To study the relationship between fertility and sperm DNA damage, we need sensitive, precise, and accurate laboratory testing. The tests available differ with regard to sensitivity and precision, so the relationship to fertility should be evaluated separately for each test and type of fertility treatment. Tests based on microscopy of a few hundred sperm are likely to have low precision and any assessment will also be subjective. In the following pages, we will focus on the Comet, TUNEL, and SCSA tests. The advantages and drawbacks of each test will be described, including clinical studies of the relationship to fertility.

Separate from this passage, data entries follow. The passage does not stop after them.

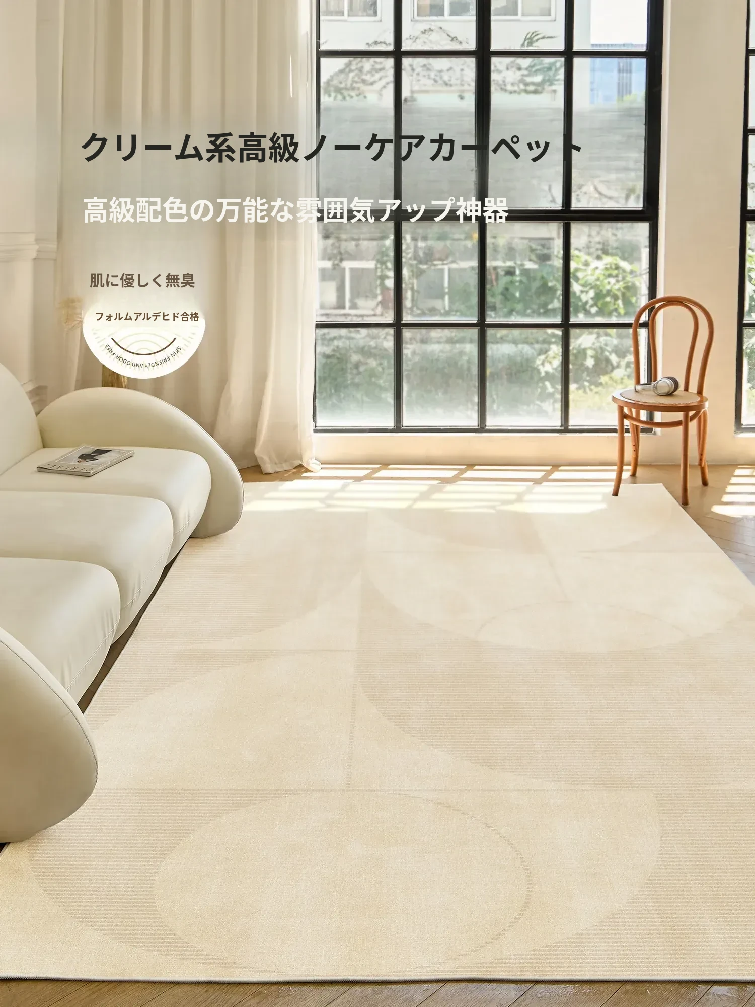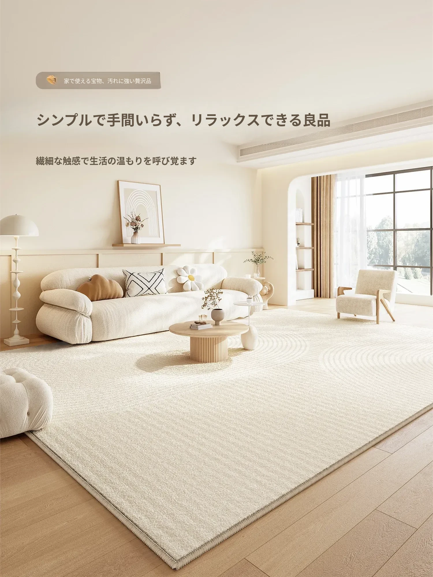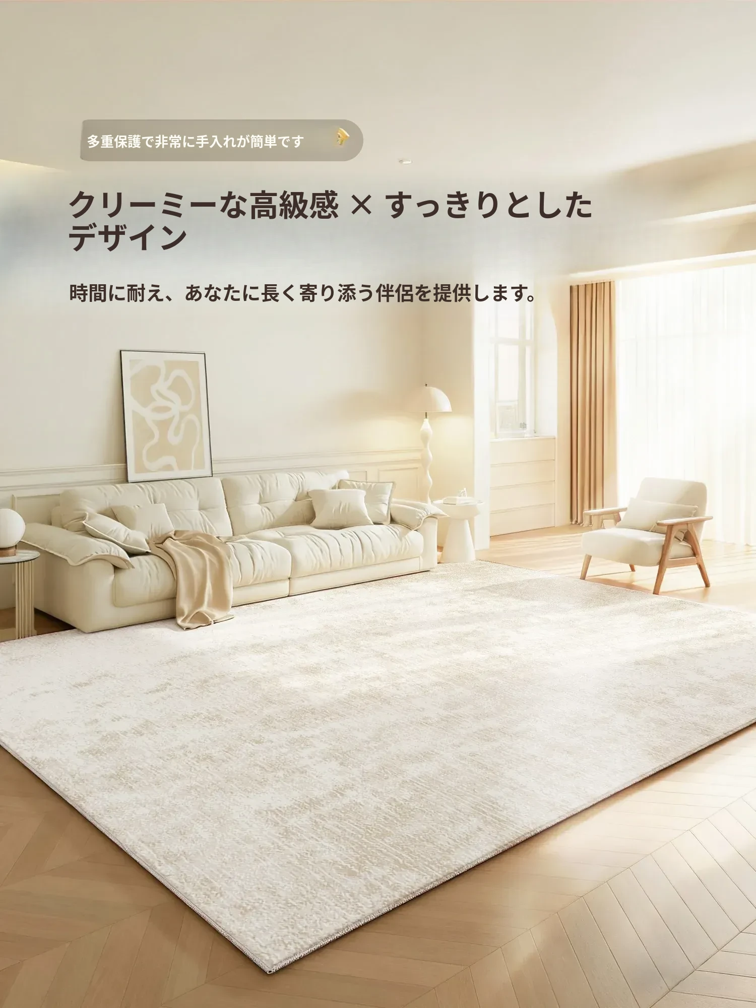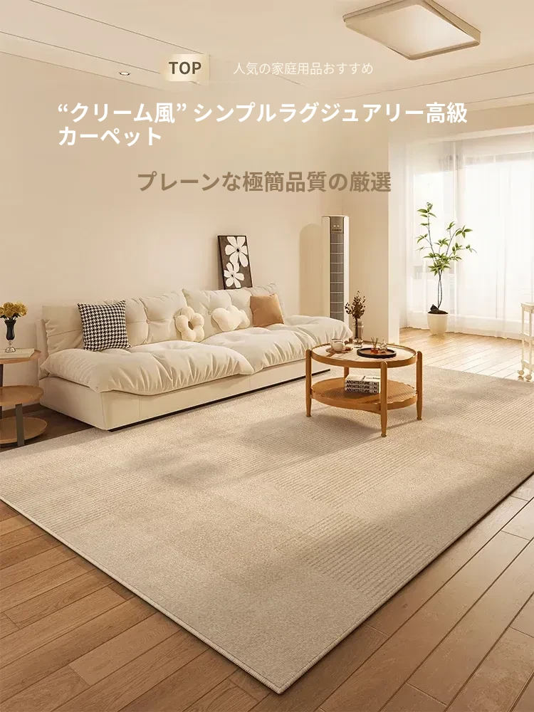 リビングルーム用クリーム風カーペット2025年新作!手洗い不要で、お手入れ簡単。ソファやテーブルにぴったりな大判サイズ、まるでカシミヤのような優雅さを持つ軽やかでラグジュアリーなデザインです!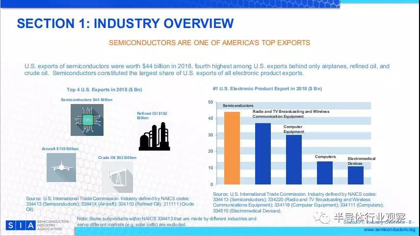 2018年,美國半導體出口額達440億美元,僅次于飛機、成品油和原油,位居美國出口第四位。半導體在美國所有電子產(chǎn)品出口中所占份額最大。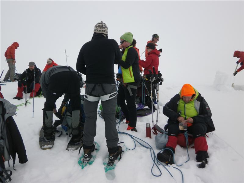 Eftir krefjandi sprungukafla þar sem leiðsögumenn sýndu staka útsjónarsemi og þrautseigju við að koma okkur yfir var áð í snjónum...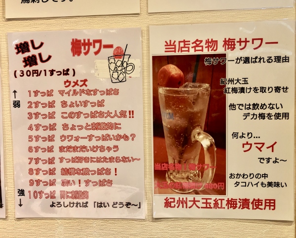 The drink menu contains all the usual favourites, with Premium Malts as the main draft beer. Maker’s Mark, Jim Beam and Kaku whiskey are the featured highballs as the boom continues apace. The most ordered sours are those containing enormous pickled plums from the Shinshu region of central Japan, which roughly corresponds to modern day Nagano Prefecture. Customers can increase the sourness level from one to ten with each level costing an additional 30 yen.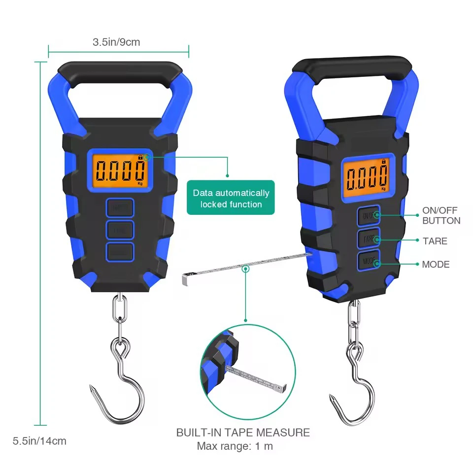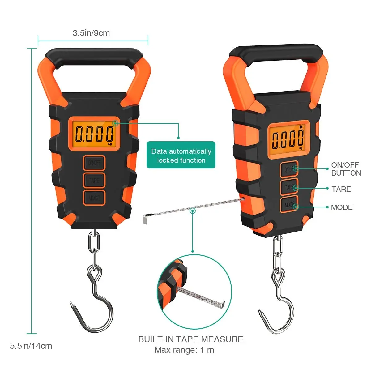 【Non-slip Handle & Tape Measure Design】The waterproof fishing scale adopts a high-strength ABS frame, which is not easy to damage. The sides and handshake are coated with a non-slip process. Not only can this be used as a fishing scale, it comes with a 38-inch retractable tape measure and a strong stainless steel hook, you can use it to check the size of luggage, measure the packaging of express parcels, and it can also be used for daily shopping and weighing.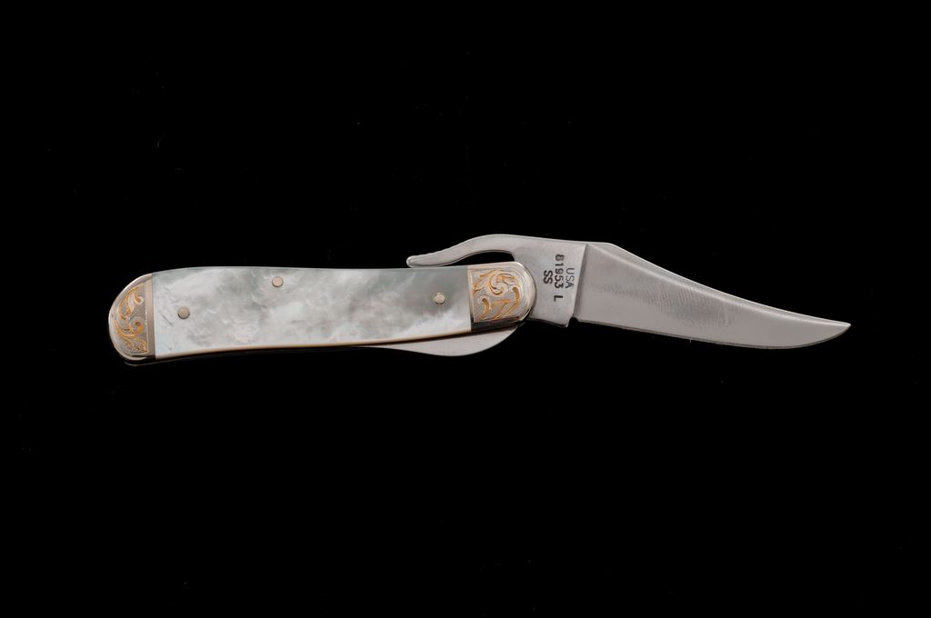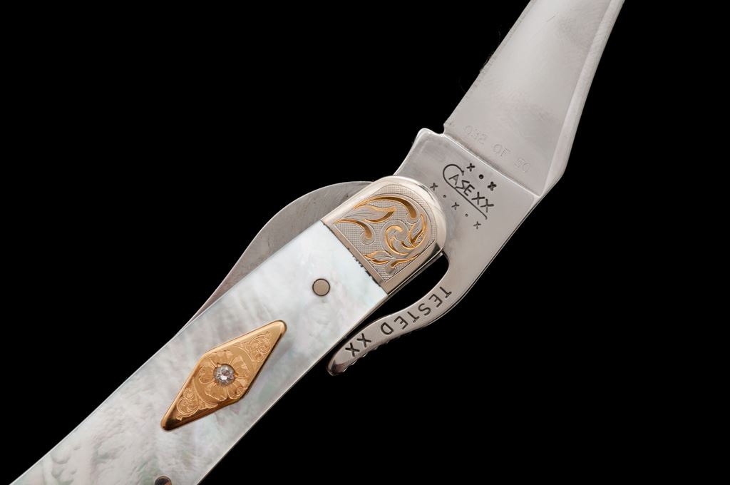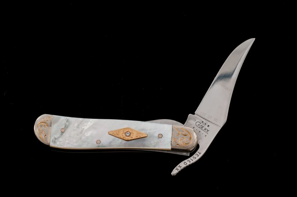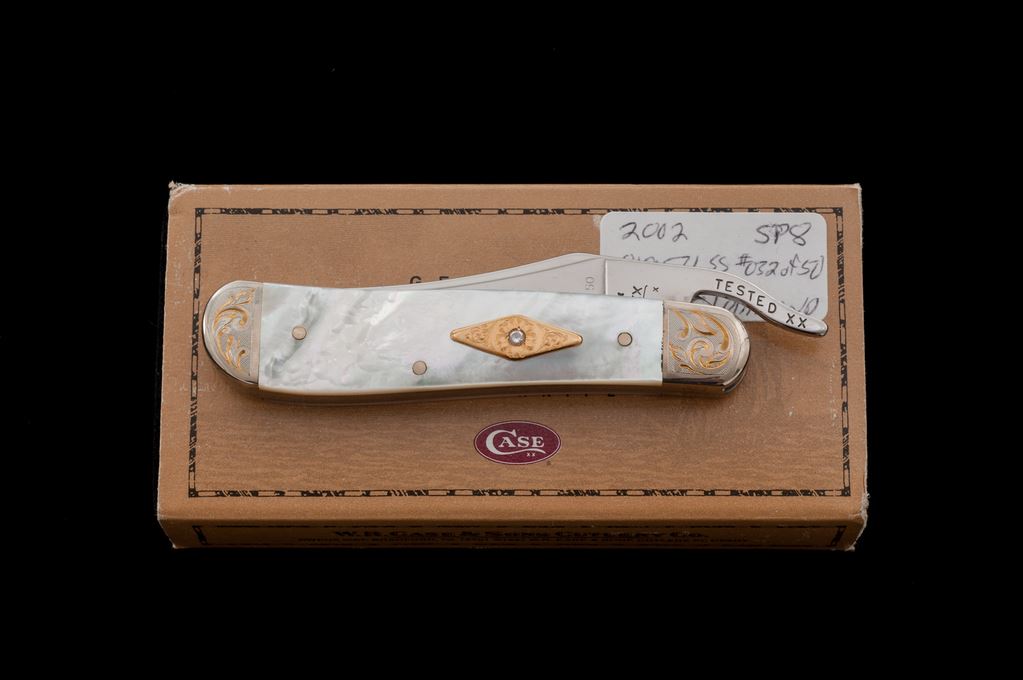 1 of Only 50 Case Knives ''Mother of Pearl'' Series Folding Knife, with Diamond. The knife is a pattern #81953L SS ''Russlock'' with engraved bolsters, 3-1/2'' overall closed length, pearl handle with a single diamond inlaid into an engraved diamond pattern shield. The blade is numbered ''32 of 50''. Mfg'd 2002. Included is the original black velvet box with cardboard slipcover and folding pamphlet. In excellent as new condition, never carried or sharpened. Blade shows a few slight handling marks. Pearl handles are free of any chips or cracks. Est.: $300-$400.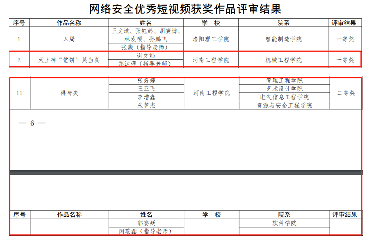 在网络安全优秀短视频评选中,由pg官网机械工程学院郑达理老师指导,谢文灿同学的作品《天上掉“馅饼”莫当真》获一等奖,由闫睿鑫老师指导,张好婷、王亚飞、李增鑫、朱梦杰、郭宴廷等同学的作品《得与失》获二等奖。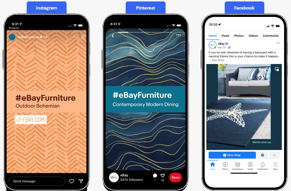#eBayFurniture主题宣传活动已登陆Instagram, Pinterest, Facebook等多个社交媒体平台,通过社交软件、邮件推广和直播等多种途径推广eBay家居品类,吸引更多潜在买家的关注。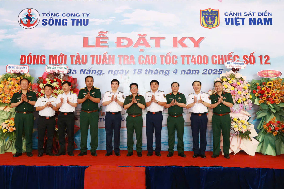 Tại TP Đà Nẵng, Cảnh sát biển Việt Nam và Tổng công ty Sông Thu/Tổng cục Công nghiệp Quốc phòng vừa tổ chức Lễ đặt ký đóng mới tàu tuần tra cao tốc TT-400 chiếc số 12. Đến dự có Trung tướng Bùi Quốc Oai, Chính uỷ Cảnh sát biển Việt Nam; Thiếu tướng Phạm Thanh Khiết, Phó Chủ nhiệm Tổng cục Công nghiệp Quốc phòng.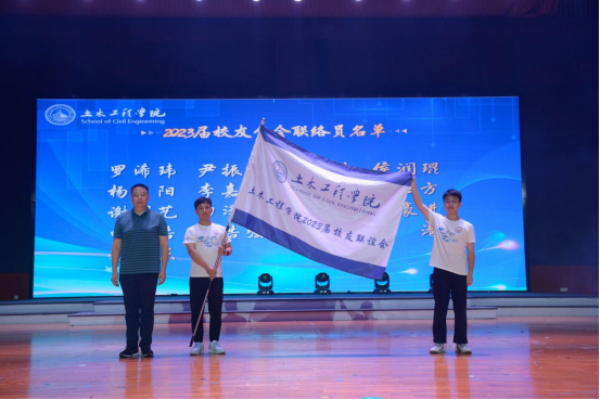 在《授旗仪式》环节,副院长张永杰为学院2023届校友联络员颁发聘书和授旗,期望大家将发挥桥梁纽带,迈向五湖四海新征程,常回母校看看。
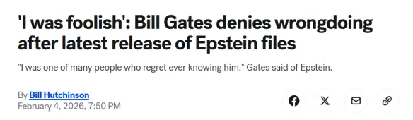 在司法部公開的超過 300 萬頁愛潑斯坦調查材料中,裡面包含一些關於比爾.蓋茨私生活的駭人描述,比如他“與俄羅斯女孩有染並感染性傳播疾病”、“試圖暗中為當時的妻子使用抗生素”等細節,這些內容一度在社交媒體和頭條新聞中炸開了鍋。
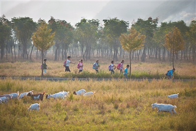 在辉埠镇宋畈村,一队小学生蹦蹦跳跳地走在放学的路上,与一旁的羊群及秋景构成了一幅美丽的画卷。王一群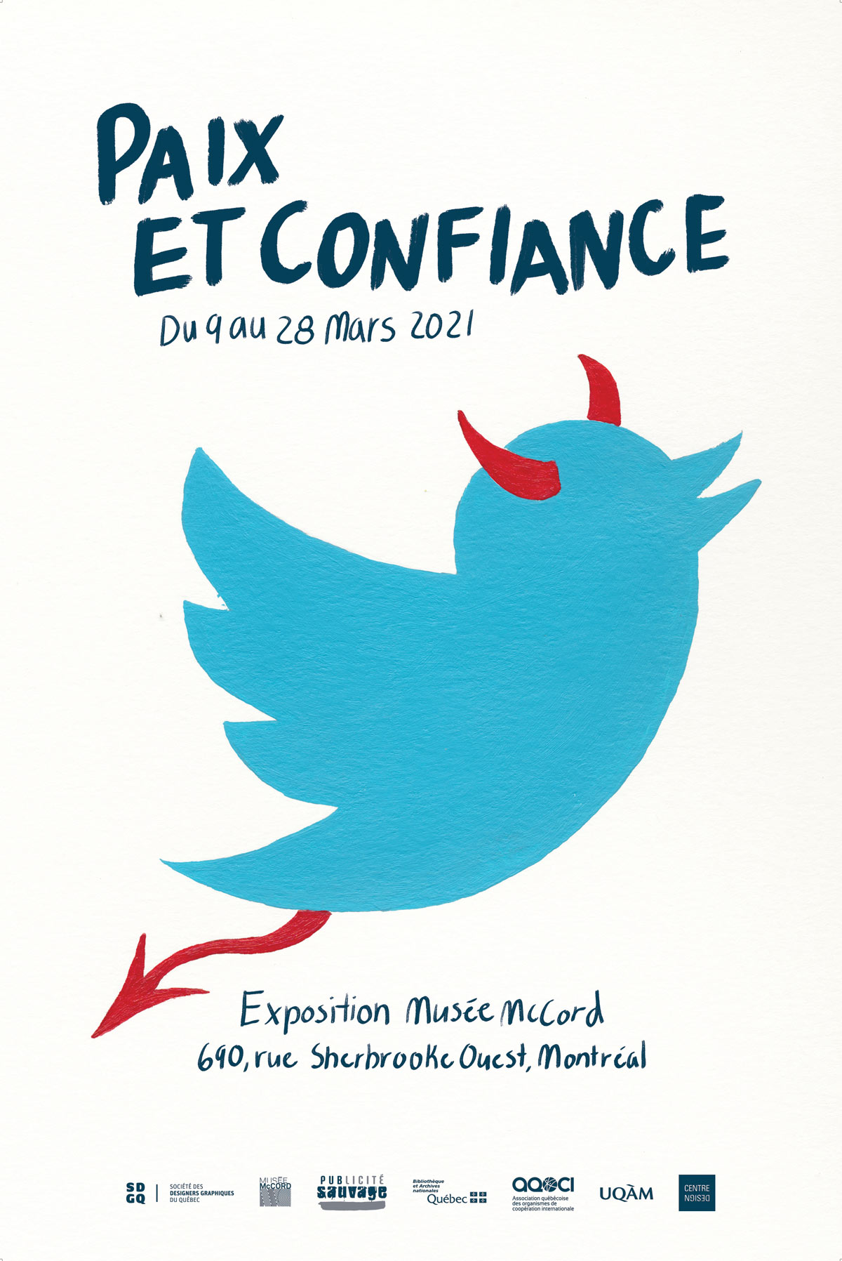 J’ai créé deux affiches portant sur le thème «paix et confiance» choisi par l’ONU en 2020-2021. Les affiches ont été conçues pour former un diptyque. Elles représentent la dualité des médias sociaux: promouvoir un pouvoir corrompu ou le contrecarrer.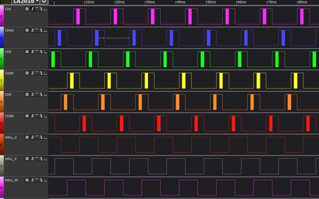 每次PWM換相后都會持續(xù)輸出一段有效電平,等到電流恢復(fù)后PWM波形恢復(fù)正常。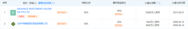 据天眼查显示,SKP主体运营公司为北京华联(SKP)百货有限公司,成立于2006年,注册资本达2.5亿元,RADIANCE INVESTMENT HOLDINGS PTE.LTD.拥有后者 60%的股权,北京华联集团投资控股有限公司持股40%。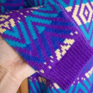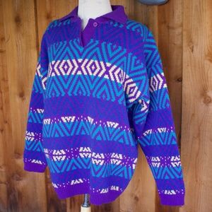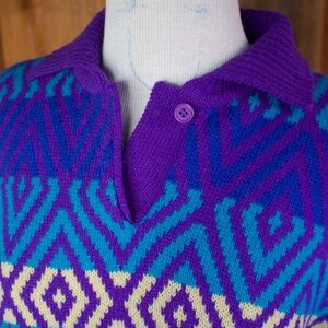 I would say unisex in nature, would look killer on either a man or woman. Great condition, no sign of wear. Thick 100% shetland wool knitted oversized pullover sweater. Collar with single button, essential for ski season. Blue, purple, yellow, & teal oh my! Bold all-over diamond pattern throughout. Size states L, mannequin is a small/medium female build; I'm happy to supply measurements if need be.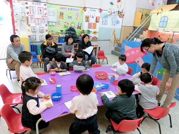 本園於2017年 1 月11至13日為幼兒班家長安排到校觀課活動,讓家長觀察孩子一天的課堂活動,了解學校的教學目標及幼兒學習的需要。透過觀課後的分享,大部份家長都認同學校的教學方式並表示幼兒喜歡上學。同時很高興看到孩子能投入課堂、積極參與活動,與同伴相處良好,在自理及學習方面均明顯有進步,整體都很滿意是次觀課的安排,非常感謝老師的耐心教導。
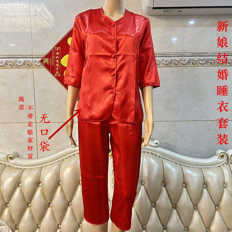 📚 香港结婚睡衣红色新娘上头服套装龙凤褂秀禾服打底内搭 无口袋V领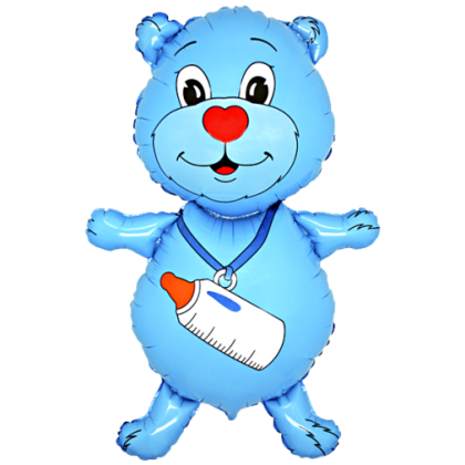 Fóliový balón – Macko s fľašou (modrý)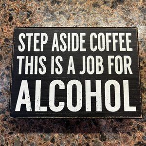 STEP ASIDE COFFEE THIS IS A JOB FOR ALCOHOL wooden plaque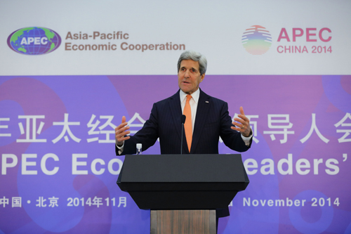 Во второй половине 8 ноября в Национальном конференц-центре Китая госсекретарь США Д. Керри провел пресс-конференцию и отметил, что США одобрили консенсус, достигнутый между Китаем и Японией о улучшении двухсторонних отношений.

For a sperm test to be useful, a high degree of precision is necessary. Similar results should be obtained when repeated analyses of the same semen sample are performed . A low degree of precision can be compared to a darts player whose darts are randomly scattered all over the dartboard (Fig. 5.2a). The first step on the road to success is the ability to place all the darts closely together on the dartboard (Fig. 5.2b). This is the equivalent of a sperm test with a high degree of precision. It is pointless to aim for the “bull’s-eye” when your precision is poor, and it is equally pointless to try to predict reproductive outcome using a test with low precision. However, unlike the darts player, high precision of our test does not necessarily mean that it also is accurate and that we can hit “bull’s-eye” (Fig. 5.2c). Systematic errors with the test may mean that we always are “off target” and that the results do not correlate well with reproductive outcome. Correlation between the test and reproductive outcome will be described in the results section.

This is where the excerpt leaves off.